Kardeşim sadece bir ay hapishanede kalmıştı. Hapishane müdürü beni yanına çağırdığında: “Kardeşiniz ne konuşuyor ne yemek yiyor. Bu şartlar altında yani yürürlükte de geçtiği üzere onu bir kliniğe yatırmamız lazım. Biz böyle öngördük. Dilerseniz sizin klinikte. Normalde böyle bunu yapmam yasak Meryem Hanım. Ancak içimde bazı karışıklıklar var. Burdayken sizinle paylaşmak istiyorum. Kardeşinizi tehdit eden bir adam olduğunu öğrendik bir kişi sayesinde. Daha doğrusu telefon konuşmalarından. Avukatınız bunu biliyor. Ama bunu, mahkemede kanıtlarla gelsek bile bir şey yapılamaz. Çünkü kardeşiniz gerçekten çok hasta.
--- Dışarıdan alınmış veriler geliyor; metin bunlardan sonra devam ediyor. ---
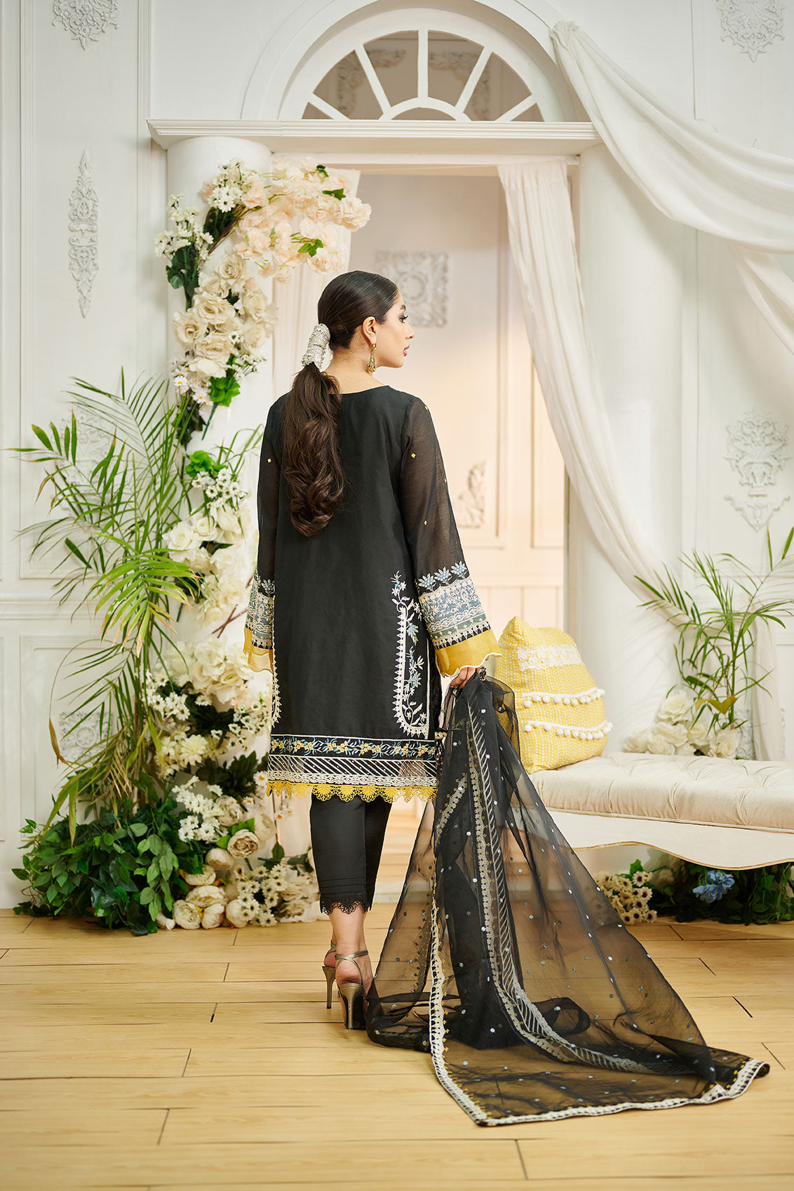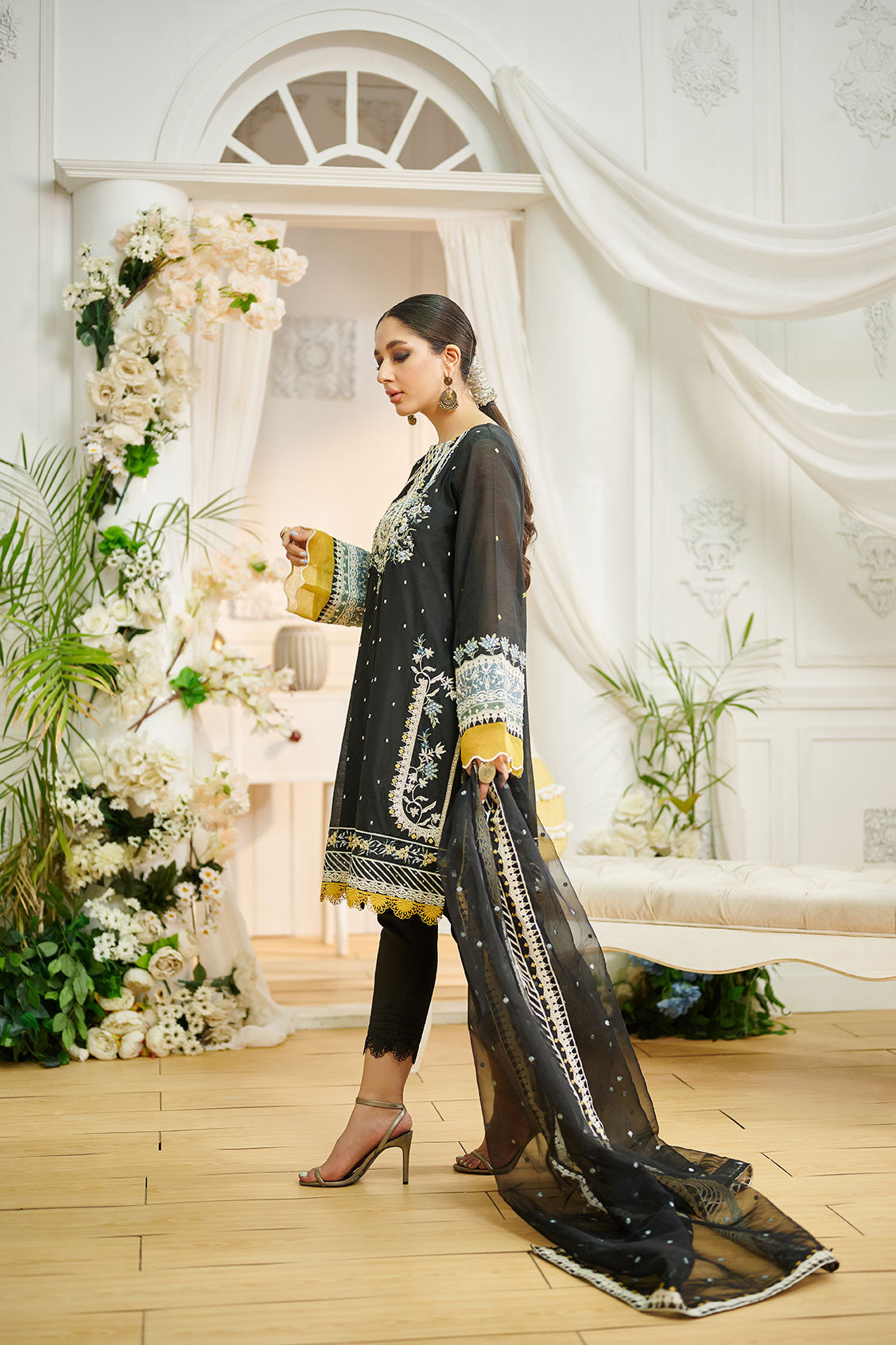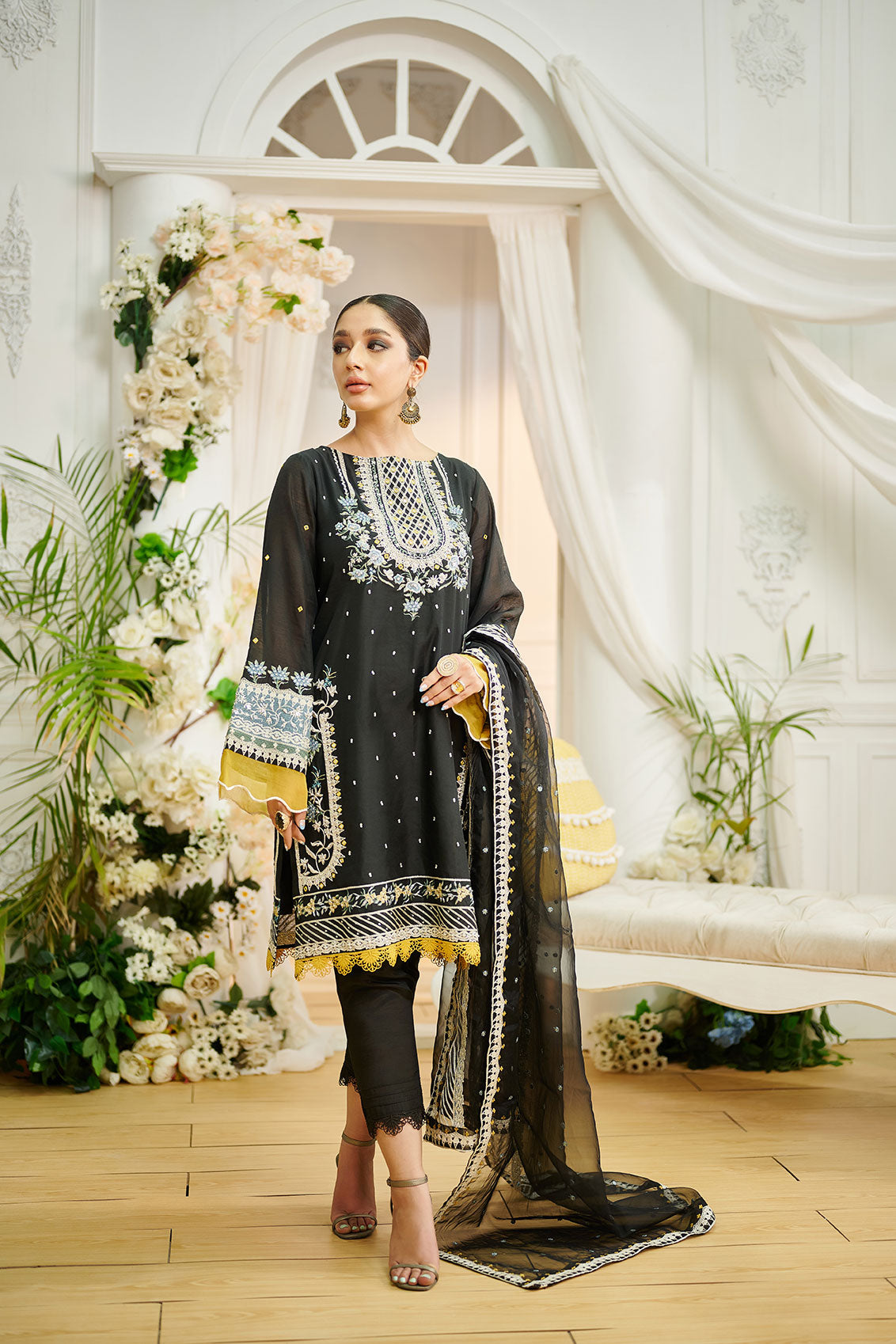 Cotton organza three-piece luxury ensemble composed with intricate embroidery on shirt and dupatta paired with straight raw-silk pants.

Onu götürün,” dedi ve sadece tamam demekle yetindim.

….

Yanına gittim. Ve hiç beklemediğim bir karşılık verdi sarıldı ve ağlamaya başladı. Konuşmak istiyordu ama sözcükler o kadar ağırdı ki onun için bu kuvveti kendinde bulamadı. Bir defa gülümsedi ve içimdeki yangın sönüverdi. Yanında ağlamamak için kendimi zor tutmuştum. Bu güçlü yanım beni bazen yoruyordu. İlacını verdim, sarılmak istedim ama bu sefer itekledi. Çıktım odadan. Melikeyi karşımda buldum. Melike ağlamaya başladı.

“Lütfen Melike yapma”,diye ona sitem ettim.

Gün geçmiyordu. Zihnim sarmaşık gibiydi. Birden odamdan acilen çağırıldım. “Bir hasta var gelmeniz lazım acil,” dedi asistanım. Koşar adımlarla takip ettim onu. Erkek koğuşuna yeni gelen bir hasta kriz geçiriyordu ama bu krizi sanki kendisi yapıyormuş gibi düşündüm. Ve öyle de oldu. Hastaya bir sakinleştirici vermesini söyledim hemşireye ve ayrıldım ordan.

Akşam nöbeti bendeydi. Biraz dışarı çıkıp hava aldım. Ne de güzeldi bu göğün altında yaşamak. Umut veriyordu insana. Koğuşa en yakın kestirmeden gittim. Bağırışmalar duydum. Koştum. Koştum…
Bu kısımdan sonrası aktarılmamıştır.